More funding currently supports research on adolescents rather than children. Similarly, more funding supports research on wellbeing and non-clinical mental health outcomes rather than other developmental outcomes, such as physical health (including exercise and sleep), behaviours and academic performance. While this might align with current policy and societal priorities, it is a funding gap.

The UK is furthermore not yet supporting extensive research on how AI impacts children and adolescents. It also lacks large-scale and strategic research investments present in other countries, such as research centres, that would allow for a more proactive and effective research approach.

Recommendations for potential research investments

  1. Any DSIT-funded research must target the most urgent and policy-relevant questions. Prioritisation is best co-developed by policymakers, researchers and affected communities and consideration should be given to whether generating high-quality causal evidence of population-level impacts is a priority.
  2. If generating causal evidence is confirmed as a research aim, the most effective approaches will be natural experiment evaluations (e.g. of policy changes or real world events) and Randomised Controlled Trials (RCTs). These methods offer rigorous insight, and RCTs can scale to small or large interventions — even though larger efforts might be difficult to deliver in time. Given that technology companies already conduct frequent experimental evaluations of their products, it would be worth exploring regulatory mechanisms for mandating collecting and sharing of societally relevant aggregate outcome data during such tests (e.g. mood or wellbeing), particularly concerning children and adolescents.
  3. Beyond the short-term 2 to 3 year time scale for producing research outputs, investment should prioritise enhancing existing large-scale UK cohort and household panel study investments with improved measures of digital technology use. This would generate world-class data assets and support long-term research. A national research strategy on online harms could further coordinate long-term investment and ensure alignment across government, funders and research communities.
  4. If research moves beyond strict causal research questions, diverse disciplines and methods will also be essential to capture the complexity and dynamism of digital experiences and impacts, including ensuring young people’s online wellbeing and safety through improved social media platform design.
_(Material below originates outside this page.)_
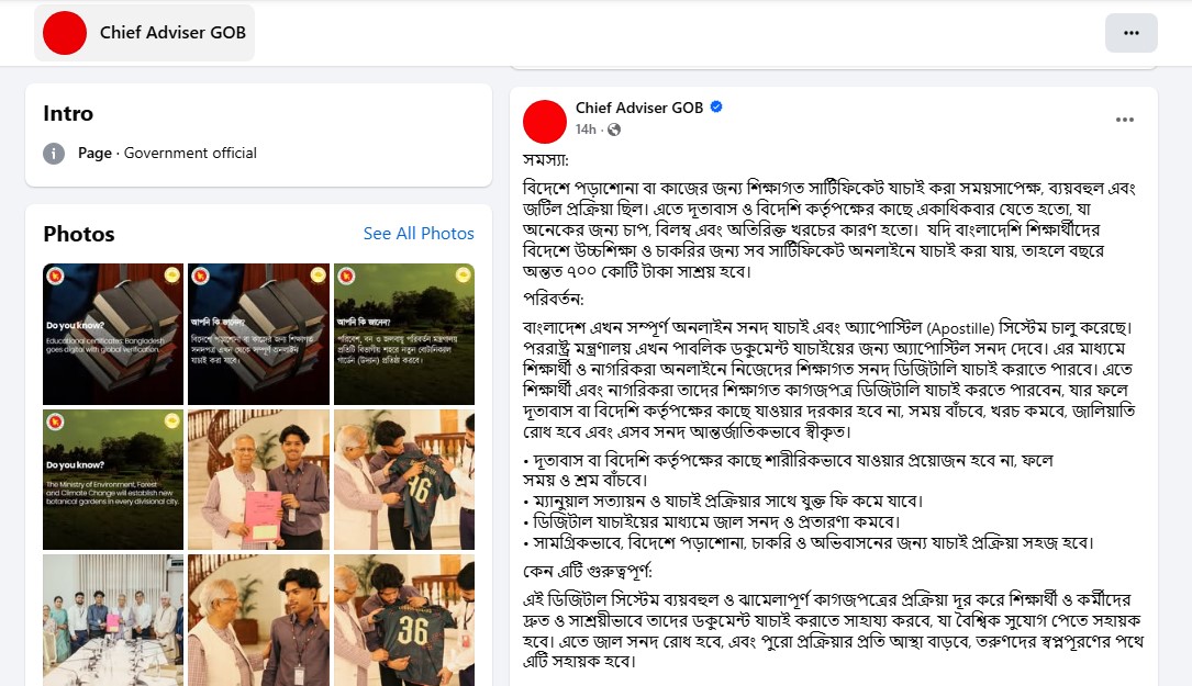 পোস্টে বলা হয়েছে, পূর্বে বিদেশে পড়াশোনা বা চাকরির জন্য শিক্ষাগত সনদ যাচাই করা সময়সাপেক্ষ, ব্যয়বহুল ও জটিল ছিল। দূতাবাস বা বিদেশি কর্তৃপক্ষের কাছে বারবার যাওয়া প্রয়োজন হতো, যা শিক্ষার্থী ও প্রবাসীদের জন্য চাপ, বিলম্ব এবং অতিরিক্ত খরচের কারণ হয়ে দাঁড়াত। নতুন অনলাইন সিস্টেম চালু হলে বছরে অন্তত ৭০০ কোটি টাকা সাশ্রয় হবে।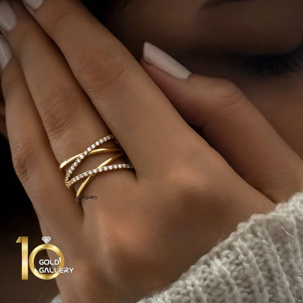انگشتر طلا طرح ضربدری ساده و نگیندار کد CR570

For example, developing and testing interventions that help individuals, families, schools and communities navigate a rapidly evolving digital environment should also be seen as a priority. This includes promoting strategies that mitigate harm and build digital resilience. Investments in a) allowing children and adolescents, as well as other affected communities, to be engaged in research as co-creators, and b) research collaborations to create better theory, should be seen as foundational investments that would also increase research quality across the landscape.

Strategic, sustained investment in research and infrastructure has the potential to position the UK as a global leader in online safety, allowing good quality scientific evidence to drive - not delay - effective responses to the many growing challenges children and adolescents face in a digital world.